LatentView Analytics (4.1/5) is the better choice when fortune 500 technology, CPG, and financial services firms needing marketing analytics and predictive ML from a publicly listed partner. If your situation matches those criteria, LatentView Analytics is a competitive option.
Related comparisons
Tiger Analytics vs LatentView Analytics FAQ
Is Tiger Analytics better than LatentView Analytics?

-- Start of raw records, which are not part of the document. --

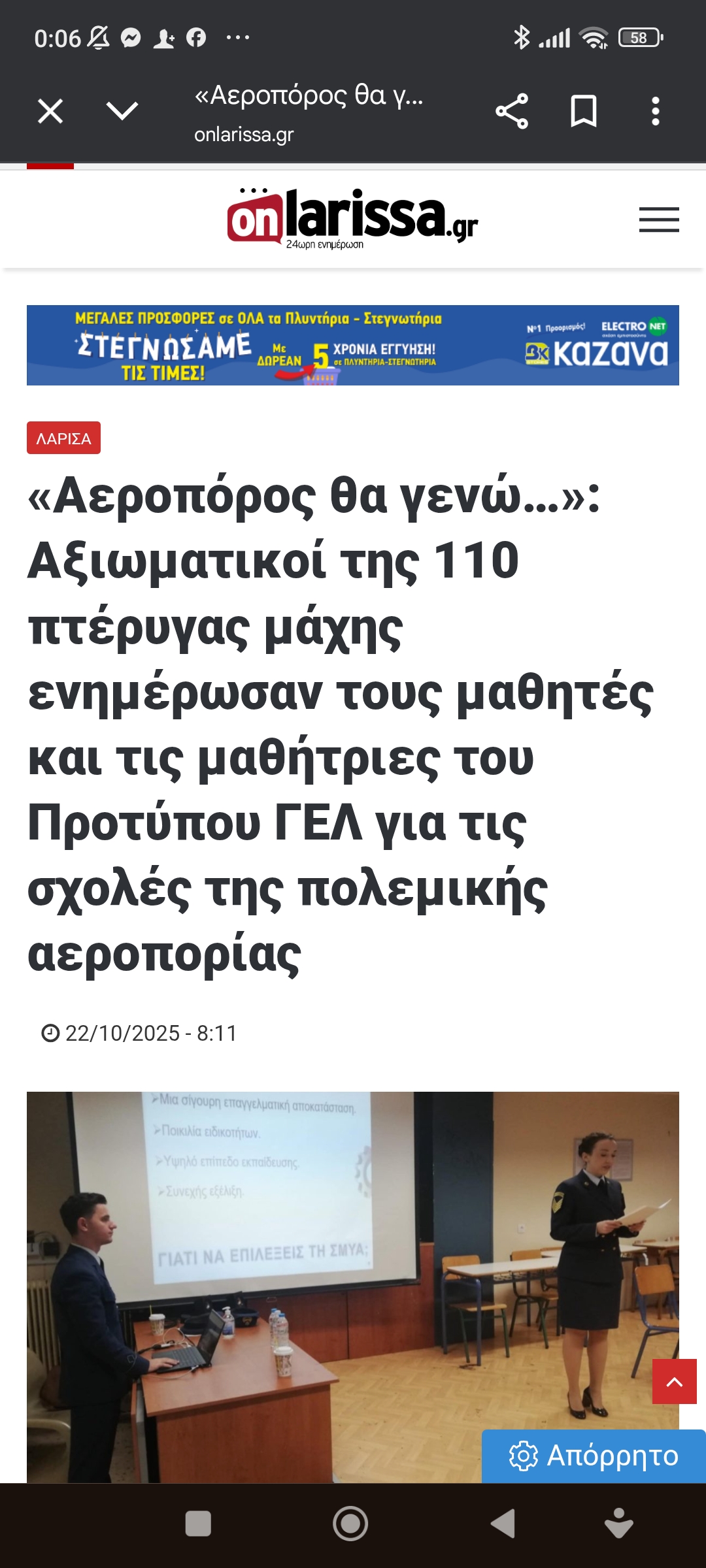 Άμυνα / Στρατηγική Εκπαίδευση / Πολιτισμός“Αεροπόρος θα γενώ…” Πέτρος Ιωάννου6 μήνες ago6 μήνες ago01 mins https://www.onlarissa.gr/2025/10/22/aeroporos-tha-geno-axiomatikoi-tis-110-pterygas-machis-enimerosan-tous-mathites-kai-tis-mathitries-tou-protypou-gel-gia-tis-scholes-tis-polemikis-aeroporias Πλοήγηση άρθρων Previous: Σκίτσο του Χρήστου Παπανίκου για το Ελλάδα 24Next: Οι γυναίκες των 40 και 50. Μόνο ζωντανές παρούσες ελεύθερες Αφήστε μια απάντηση Ακύρωση απάντησηςΗ ηλ. διεύθυνση σας δεν δημοσιεύεται. Τα υποχρεωτικά πεδία σημειώνονται με *Σχόλιο * Όνομα * Email * Ιστότοπος Αποθήκευσε το όνομά μου, email, και τον ιστότοπο μου σε αυτόν τον πλοηγό για την επόμενη φορά που θα σχολιάσω.
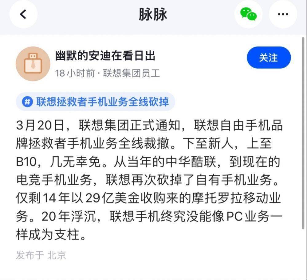 原标题:又一手机玩家离场?联想拯救者手机业务被曝全线砍掉 仅保留MOTO移动业务
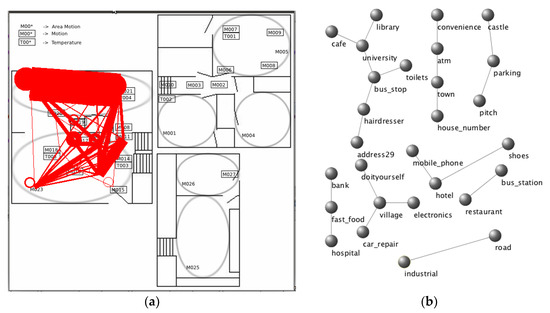 Example graph representations: (a) graph representation for activity ‘Breakfast’ in testbed ‘Cairo’; and, (b) selected edges that are triggered for a participant of age 22–27 in the Nokia smartphone dataset.
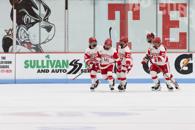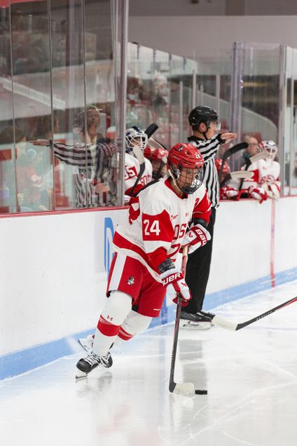 The Terriers huddle up at the net before the game.Senior forward Lilli Welcke (26), senior forward Luisa Welcke (16), sophomore defender Kiera Healey (27), senior forward Riley Walsh (21), and senior defender Maeve Kelly (24) skate toward the bench after Lilli Welcke’s goal in the first period.The Terrier bench celebrates a goal.Senior forward Clara Yuhn (19) controls the puck in the offensive zone.Sophomore forward Lola Reid (8) celebrate her goal in the second period.Sophomore defender Kate Meinert (6) reacts to sophomore forward Lola Reid’s (8) goal.Graduate goaltender Michelle Pasiechnyk (1) gloves a shot from Concordia.The Terriers skate into the offensive zone.Senior defender Maeve Kelly (24) controls the puck.The Terriers celebrate senior forward Clara Yuhn’s (19) goal in the third period.Senior forward Lilli Welcke (26) enters the offensive zone with the puck.The Terriers huddle at the bench before the start of overtime.Freshman goaltender Jackie Wright (35) stops a shot from a Concordia player during the shootout.Senior forward Clara Yuhn (19) and junior goaltender Mari Pietersen (92) at the blue line during the starting lineup announcement.
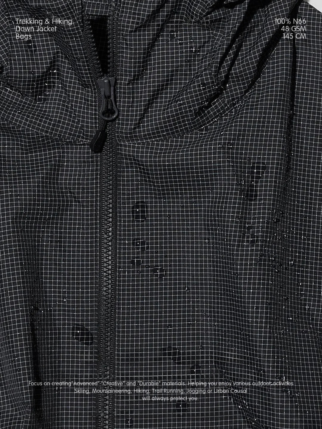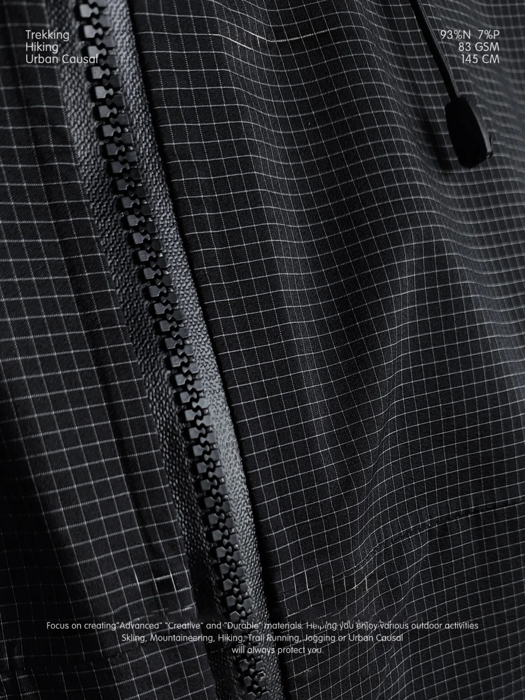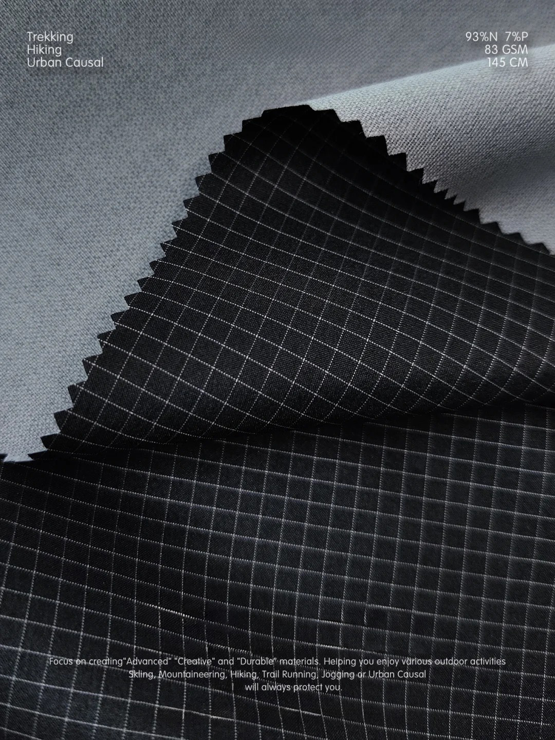产品描述:新品锦涤格子3L功能性面料,独特白色单线格纹,DWR强防水4级,防风,轻量化(平方米克重83gsm),3L复合结构,耐静水压国标8000+,可防暴雨,透湿性10000+,出汗不闷,多色可选,适用制作户外冲锋衣硬壳、冲锋裤、功能性夹克、秋冬功能性羽绒棉服等。

Tiger Analytics (4.8/5) scores higher overall, but "better" depends on your use case. Tiger Analytics is better for fortune 1000 enterprises needing production-grade ML across CPG, BFSI, and healthcare verticals. LatentView Analytics is better for fortune 500 technology, CPG, and financial services firms needing marketing analytics and predictive ML from a publicly listed partner.
How do Tiger Analytics and LatentView Analytics differ in pricing?
Tiger Analytics uses t&m, retainer pricing with a minimum engagement of $100K. LatentView Analytics uses retainer, t&m pricing with a minimum engagement of $50K. Neither firm publishes a full rate card; a discovery call is required for project-specific quotes.
Which is better for enterprise: Tiger Analytics or LatentView Analytics?
Tiger Analytics is the larger team and typically the better enterprise-scale choice. For very large programmes, verify team size and compliance coverage directly with each agency before shortlisting.
What are the main differences between Tiger Analytics and LatentView Analytics?
Tiger Analytics's primary differentiator is: the largest pure-play ml and advanced analytics specialist with 5,000+ dedicated practitioners across six countries. LatentView Analytics's primary differentiator is: publicly listed analytics firm with 50+ fortune 500 clients and deep cpg/tech marketing analytics capability including marketing mix modelling. They also differ in team size (5,000+ vs 1,191), minimum engagement ($100K vs $50K), and primary industries served (Consumer Packaged Goods, Financial Services vs Technology / SaaS, Consumer Packaged Goods).
Last reviewed: July 2026. Verify all details directly with each agency before making a decision.